The copy must match the data below line for line and contain no images.

- Dataset content:
========================================================================

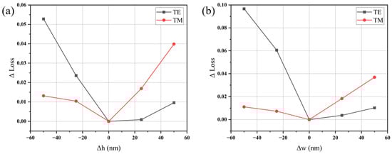 The simulated fabrication tolerance of the designed edge couplers at the wavelength of 1550 nm: (a) vertical (𝛥h) and (b) horizontal (𝛥w).
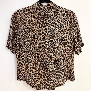 Condition is pre owned. No holes or stains. This leopard print fitted shirt has short sleeves and can be closed with buttons on the front. This is a classic collar cut with fluidity. Wood buttons.
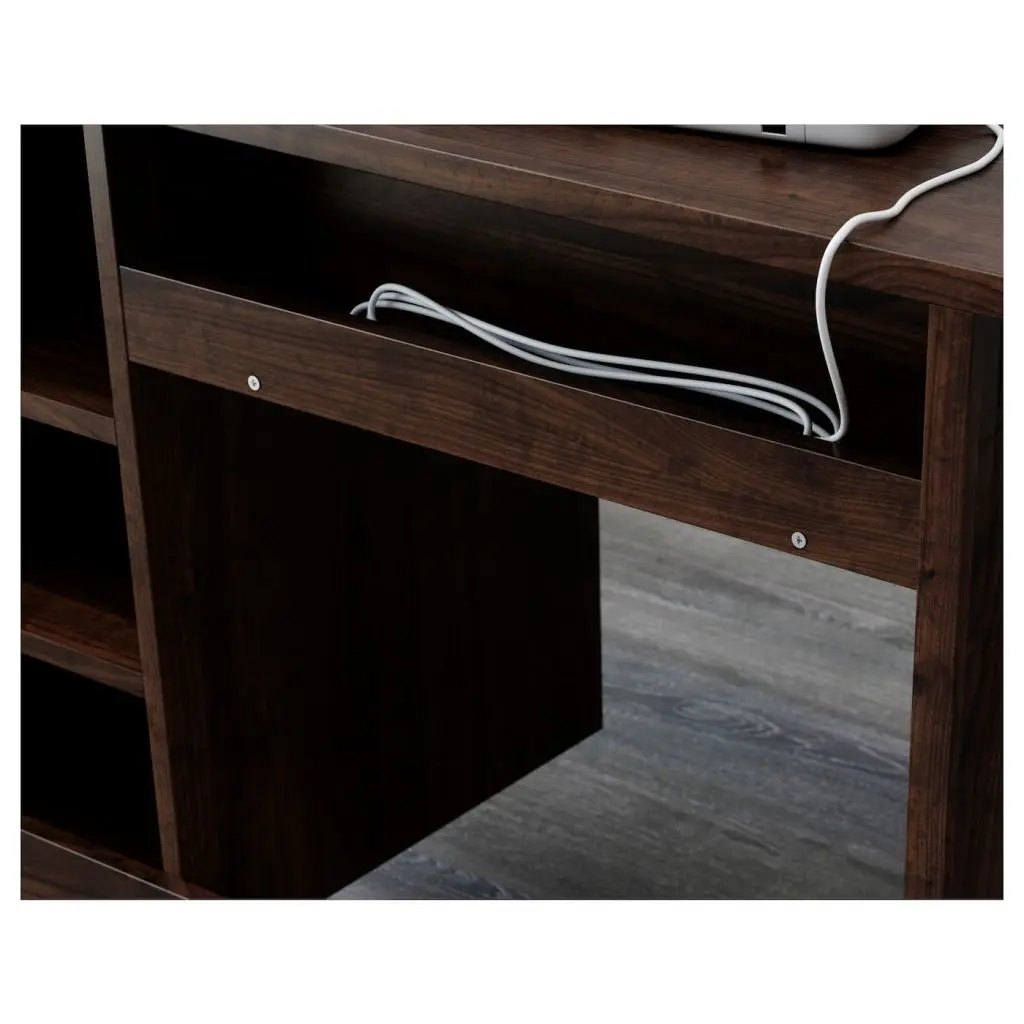 Вы можете собрать все провода и удлинители на полке под столешницей, чтобы они были под рукой, но не на виду.Съемные полки позволяют обеспечить место для компьютера.Дизайнер

========================================================================

- Final answer:
 The simulated fabrication tolerance of the designed edge couplers at the wavelength of 1550 nm: (a) vertical (𝛥h) and (b) horizontal (𝛥w).
 Condition is pre owned. No holes or stains. This leopard print fitted shirt has short sleeves and can be closed with buttons on the front. This is a classic collar cut with fluidity. Wood buttons.
 Вы можете собрать все провода и удлинители на полке под столешницей, чтобы они были под рукой, но не на виду.Съемные полки позволяют обеспечить место для компьютера.Дизайнер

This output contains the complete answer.